As with any "based on a true story" work of fiction, the reader is left wondering where reality ends and fiction begins.  I googled one character (Victor Chao, owner of the Marksmen Club and the Manhattan night club) and found him to be just as Kasper described him.  The prison where Kasper was held is an actual prison in Phnom Penh.  I'm sure other characters and events could be easily corroborated.  But I'm curious to know how true to life were the depictions of the events themselves.

Does this matter?  Novels frequently build stories around actual people and events without the story itself being true.  It probably doesn't matter, except that I felt like this would have been a better book had it been written as a non-fiction account of Kasper's imprisonment and events leading up to it.  The narrative is choppy as it shifts time frames.  I think it would read better as a non-fiction account rather than elaborating on events to dramatize them.
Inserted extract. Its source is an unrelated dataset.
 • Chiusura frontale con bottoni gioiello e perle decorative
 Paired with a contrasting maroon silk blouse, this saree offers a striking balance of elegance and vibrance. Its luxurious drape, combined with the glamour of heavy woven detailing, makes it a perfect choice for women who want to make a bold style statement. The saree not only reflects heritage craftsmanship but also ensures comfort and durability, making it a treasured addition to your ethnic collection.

Kasper clearly led an interesting life.  He is the type of character that you might think only exists in movies, but he and others like him are out there.  Supernotes gives a glimpse of what life is like for some of those who "in silence and far away from any spotlight, contribute to the security of the society we live in."  If you've watched spy movies, you'll see some of the same themes in Kasper's account.  It's no mistake that Supernotes has been optioned for a movie.  True, fictional, or somewhere in between, Kasper's story has all the drama, action, and intrigue that you expect in the life of a spy.

Thanks to NetGalley and the publisher for the complimentary electronic review copy!

2016 Reading Challenge: A book with a one-word title.